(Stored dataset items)
──────────────────────────────

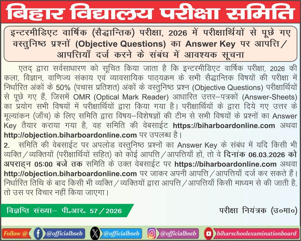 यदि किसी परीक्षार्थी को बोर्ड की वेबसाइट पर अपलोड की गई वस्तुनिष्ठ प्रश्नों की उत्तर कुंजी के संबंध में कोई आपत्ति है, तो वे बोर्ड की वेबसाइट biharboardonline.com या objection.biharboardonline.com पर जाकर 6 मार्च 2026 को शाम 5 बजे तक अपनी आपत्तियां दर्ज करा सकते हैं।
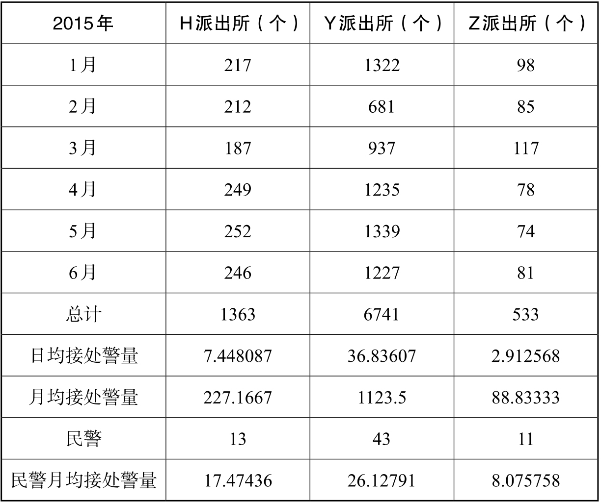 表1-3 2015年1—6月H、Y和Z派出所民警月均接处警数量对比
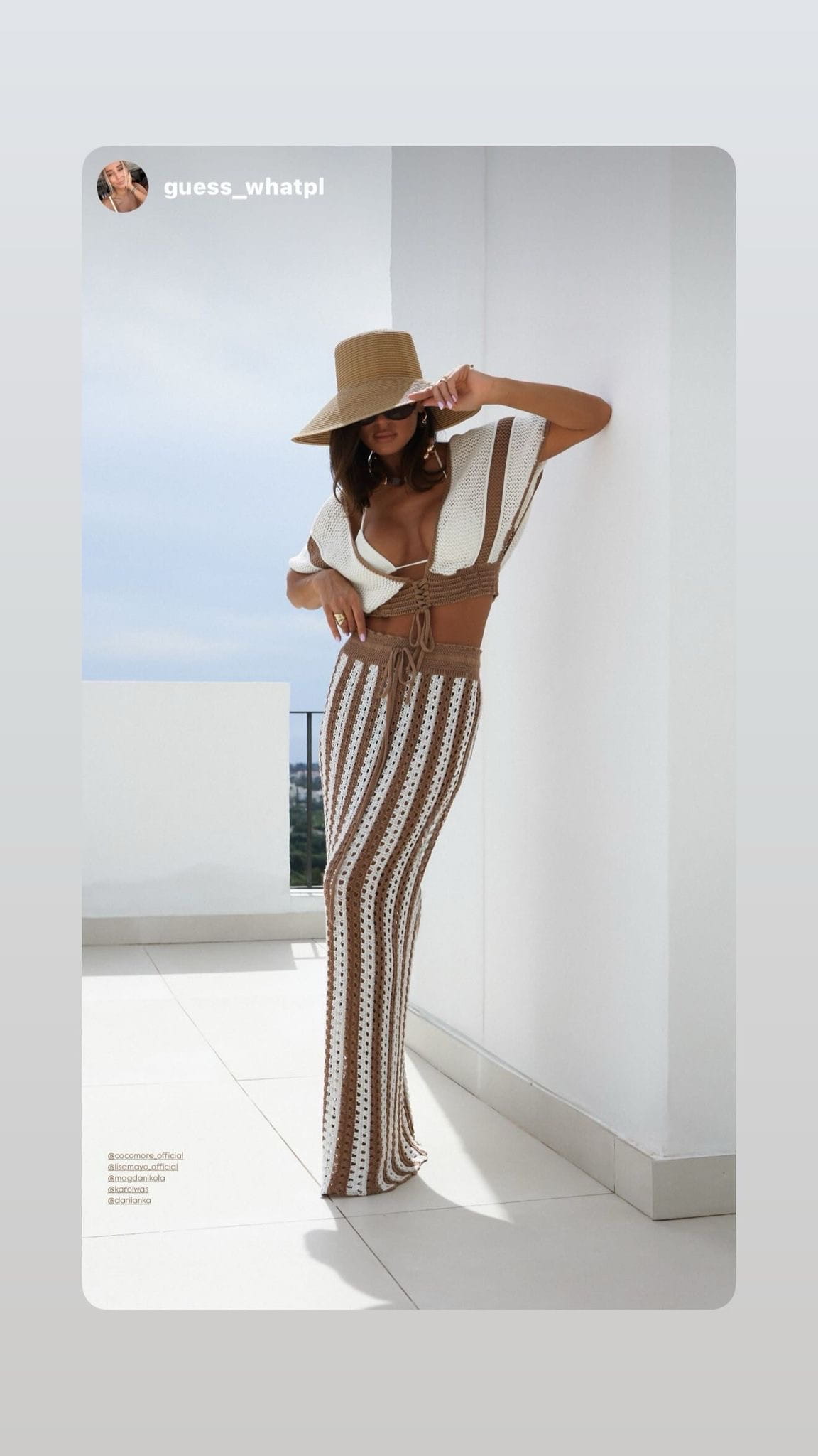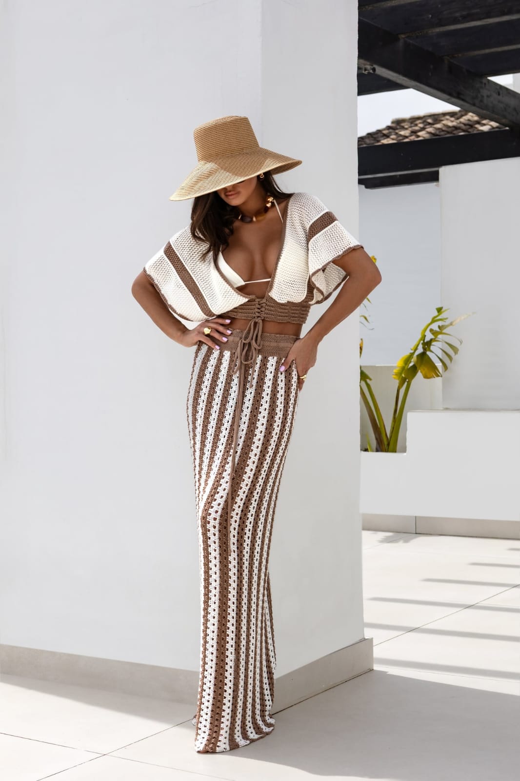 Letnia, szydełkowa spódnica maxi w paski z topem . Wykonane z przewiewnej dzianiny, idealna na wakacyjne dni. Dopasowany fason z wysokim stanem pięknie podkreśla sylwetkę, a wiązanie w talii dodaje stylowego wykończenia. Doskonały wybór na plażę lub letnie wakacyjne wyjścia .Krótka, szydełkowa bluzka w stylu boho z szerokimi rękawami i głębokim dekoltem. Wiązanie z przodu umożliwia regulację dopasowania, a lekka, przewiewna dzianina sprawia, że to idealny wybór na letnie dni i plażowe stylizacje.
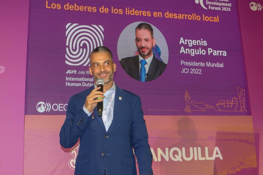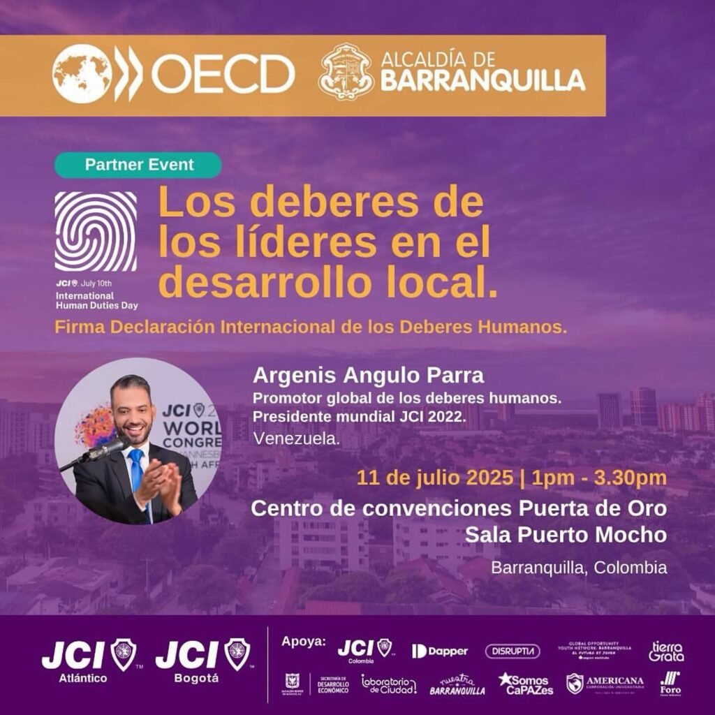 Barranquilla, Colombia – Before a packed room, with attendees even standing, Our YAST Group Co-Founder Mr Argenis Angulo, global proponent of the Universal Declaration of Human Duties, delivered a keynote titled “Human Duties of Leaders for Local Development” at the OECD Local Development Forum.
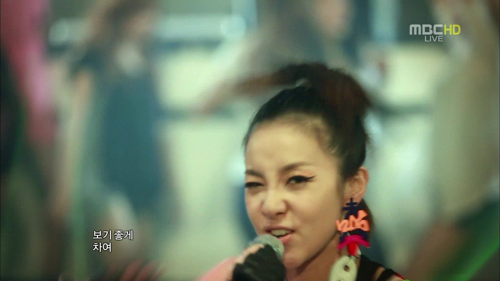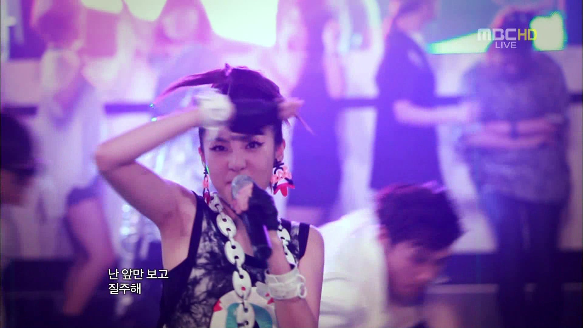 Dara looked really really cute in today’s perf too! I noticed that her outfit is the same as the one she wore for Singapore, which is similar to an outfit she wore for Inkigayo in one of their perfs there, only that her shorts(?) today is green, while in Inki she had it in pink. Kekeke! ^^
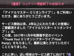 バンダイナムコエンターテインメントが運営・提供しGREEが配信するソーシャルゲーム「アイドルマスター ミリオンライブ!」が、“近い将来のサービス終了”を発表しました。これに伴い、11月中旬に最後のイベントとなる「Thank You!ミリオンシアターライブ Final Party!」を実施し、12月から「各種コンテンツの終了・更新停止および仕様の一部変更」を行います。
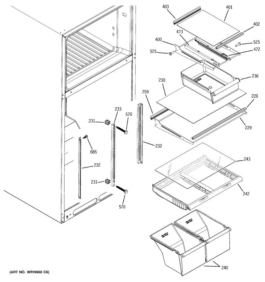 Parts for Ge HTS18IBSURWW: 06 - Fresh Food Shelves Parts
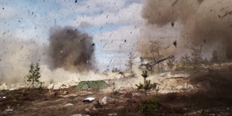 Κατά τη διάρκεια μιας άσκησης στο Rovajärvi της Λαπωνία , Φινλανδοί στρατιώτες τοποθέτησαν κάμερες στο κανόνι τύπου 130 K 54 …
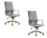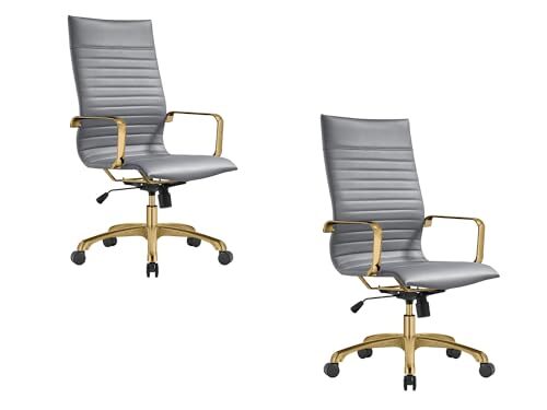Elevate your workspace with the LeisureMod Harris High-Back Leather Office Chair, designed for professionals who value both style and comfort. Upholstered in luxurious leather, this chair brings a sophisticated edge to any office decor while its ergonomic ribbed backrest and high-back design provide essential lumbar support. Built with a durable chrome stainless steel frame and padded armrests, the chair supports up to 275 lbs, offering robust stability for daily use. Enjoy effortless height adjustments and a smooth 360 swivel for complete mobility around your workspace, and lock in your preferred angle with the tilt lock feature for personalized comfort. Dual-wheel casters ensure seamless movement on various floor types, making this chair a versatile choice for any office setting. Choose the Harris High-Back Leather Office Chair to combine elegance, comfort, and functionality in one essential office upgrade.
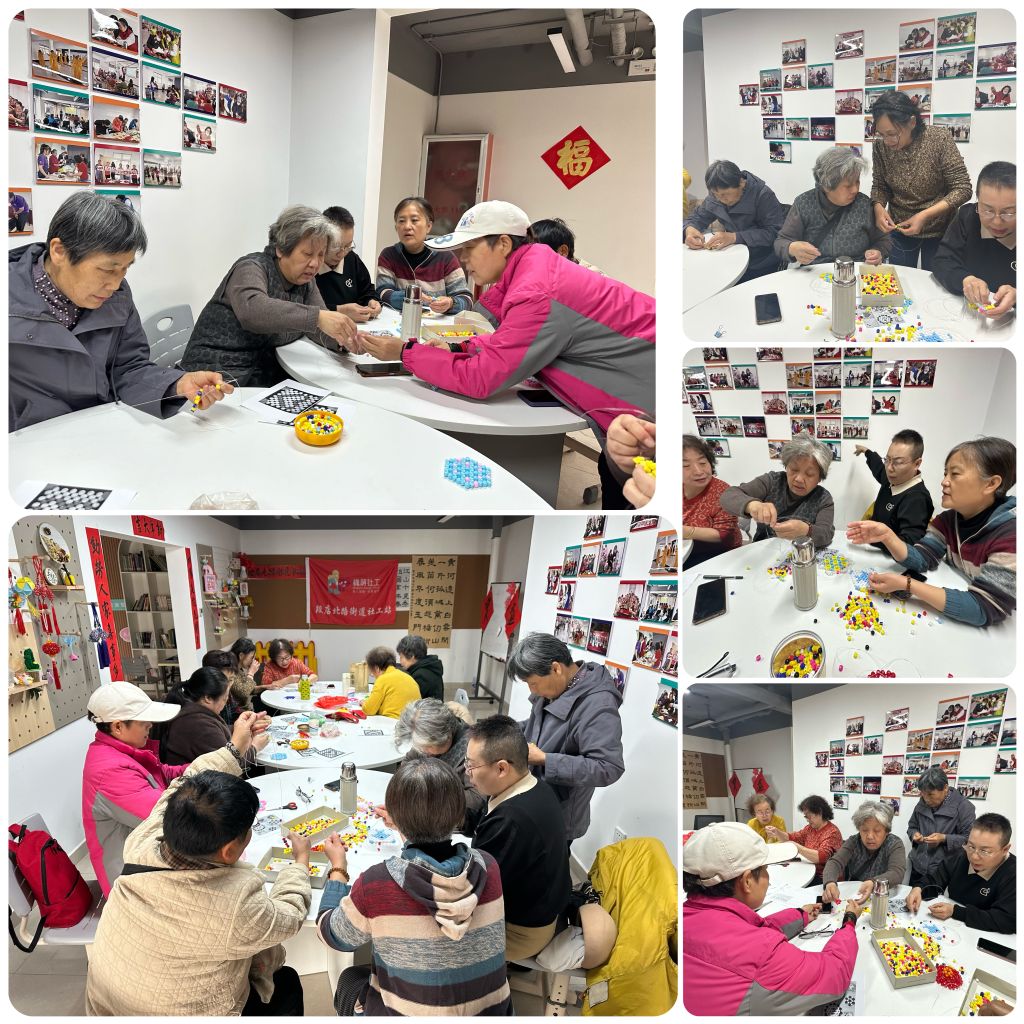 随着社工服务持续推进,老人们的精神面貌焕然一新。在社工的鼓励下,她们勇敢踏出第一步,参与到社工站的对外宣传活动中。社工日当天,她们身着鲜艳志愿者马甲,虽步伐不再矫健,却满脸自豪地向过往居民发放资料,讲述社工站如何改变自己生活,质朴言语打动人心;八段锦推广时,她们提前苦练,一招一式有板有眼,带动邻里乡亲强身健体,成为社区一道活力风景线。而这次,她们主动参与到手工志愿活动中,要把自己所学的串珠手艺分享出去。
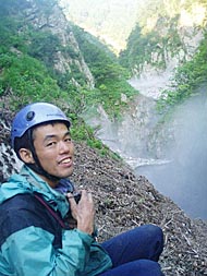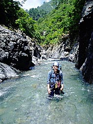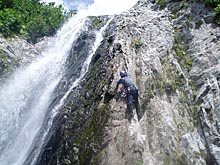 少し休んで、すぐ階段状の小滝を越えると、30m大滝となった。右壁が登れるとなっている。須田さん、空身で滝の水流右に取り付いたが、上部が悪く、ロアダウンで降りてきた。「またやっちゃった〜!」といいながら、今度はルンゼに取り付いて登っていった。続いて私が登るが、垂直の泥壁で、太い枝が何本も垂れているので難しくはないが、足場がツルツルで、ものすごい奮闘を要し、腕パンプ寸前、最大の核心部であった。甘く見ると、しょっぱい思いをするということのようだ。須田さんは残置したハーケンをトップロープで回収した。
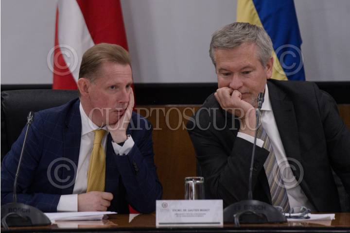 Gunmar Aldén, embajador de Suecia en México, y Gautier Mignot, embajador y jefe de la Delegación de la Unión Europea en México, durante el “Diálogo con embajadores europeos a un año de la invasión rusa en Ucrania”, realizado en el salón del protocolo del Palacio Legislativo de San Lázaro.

──────────────────────────────

**Exercise objective**
What you should produce is an exact copy of the records, with the pictures left out.

**Result of the task**
 यदि किसी परीक्षार्थी को बोर्ड की वेबसाइट पर अपलोड की गई वस्तुनिष्ठ प्रश्नों की उत्तर कुंजी के संबंध में कोई आपत्ति है, तो वे बोर्ड की वेबसाइट biharboardonline.com या objection.biharboardonline.com पर जाकर 6 मार्च 2026 को शाम 5 बजे तक अपनी आपत्तियां दर्ज करा सकते हैं।
 表1-3 2015年1—6月H、Y和Z派出所民警月均接处警数量对比
 Letnia, szydełkowa spódnica maxi w paski z topem . Wykonane z przewiewnej dzianiny, idealna na wakacyjne dni. Dopasowany fason z wysokim stanem pięknie podkreśla sylwetkę, a wiązanie w talii dodaje stylowego wykończenia. Doskonały wybór na plażę lub letnie wakacyjne wyjścia .Krótka, szydełkowa bluzka w stylu boho z szerokimi rękawami i głębokim dekoltem. Wiązanie z przodu umożliwia regulację dopasowania, a lekka, przewiewna dzianina sprawia, że to idealny wybór na letnie dni i plażowe stylizacje.
 Barranquilla, Colombia – Before a packed room, with attendees even standing, Our YAST Group Co-Founder Mr Argenis Angulo, global proponent of the Universal Declaration of Human Duties, delivered a keynote titled “Human Duties of Leaders for Local Development” at the OECD Local Development Forum.
 Dara looked really really cute in today’s perf too! I noticed that her outfit is the same as the one she wore for Singapore, which is similar to an outfit she wore for Inkigayo in one of their perfs there, only that her shorts(?) today is green, while in Inki she had it in pink. Kekeke! ^^
 バンダイナムコエンターテインメントが運営・提供しGREEが配信するソーシャルゲーム「アイドルマスター ミリオンライブ!」が、“近い将来のサービス終了”を発表しました。これに伴い、11月中旬に最後のイベントとなる「Thank You!ミリオンシアターライブ Final Party!」を実施し、12月から「各種コンテンツの終了・更新停止および仕様の一部変更」を行います。
 Parts for Ge HTS18IBSURWW: 06 - Fresh Food Shelves Parts
 Κατά τη διάρκεια μιας άσκησης στο Rovajärvi της Λαπωνία , Φινλανδοί στρατιώτες τοποθέτησαν κάμερες στο κανόνι τύπου 130 K 54 …
Elevate your workspace with the LeisureMod Harris High-Back Leather Office Chair, designed for professionals who value both style and comfort. Upholstered in luxurious leather, this chair brings a sophisticated edge to any office decor while its ergonomic ribbed backrest and high-back design provide essential lumbar support. Built with a durable chrome stainless steel frame and padded armrests, the chair supports up to 275 lbs, offering robust stability for daily use. Enjoy effortless height adjustments and a smooth 360 swivel for complete mobility around your workspace, and lock in your preferred angle with the tilt lock feature for personalized comfort. Dual-wheel casters ensure seamless movement on various floor types, making this chair a versatile choice for any office setting. Choose the Harris High-Back Leather Office Chair to combine elegance, comfort, and functionality in one essential office upgrade.
 随着社工服务持续推进,老人们的精神面貌焕然一新。在社工的鼓励下,她们勇敢踏出第一步,参与到社工站的对外宣传活动中。社工日当天,她们身着鲜艳志愿者马甲,虽步伐不再矫健,却满脸自豪地向过往居民发放资料,讲述社工站如何改变自己生活,质朴言语打动人心;八段锦推广时,她们提前苦练,一招一式有板有眼,带动邻里乡亲强身健体,成为社区一道活力风景线。而这次,她们主动参与到手工志愿活动中,要把自己所学的串珠手艺分享出去。
 少し休んで、すぐ階段状の小滝を越えると、30m大滝となった。右壁が登れるとなっている。須田さん、空身で滝の水流右に取り付いたが、上部が悪く、ロアダウンで降りてきた。「またやっちゃった〜!」といいながら、今度はルンゼに取り付いて登っていった。続いて私が登るが、垂直の泥壁で、太い枝が何本も垂れているので難しくはないが、足場がツルツルで、ものすごい奮闘を要し、腕パンプ寸前、最大の核心部であった。甘く見ると、しょっぱい思いをするということのようだ。須田さんは残置したハーケンをトップロープで回収した。
 Gunmar Aldén, embajador de Suecia en México, y Gautier Mignot, embajador y jefe de la Delegación de la Unión Europea en México, durante el “Diálogo con embajadores europeos a un año de la invasión rusa en Ucrania”, realizado en el salón del protocolo del Palacio Legislativo de San Lázaro.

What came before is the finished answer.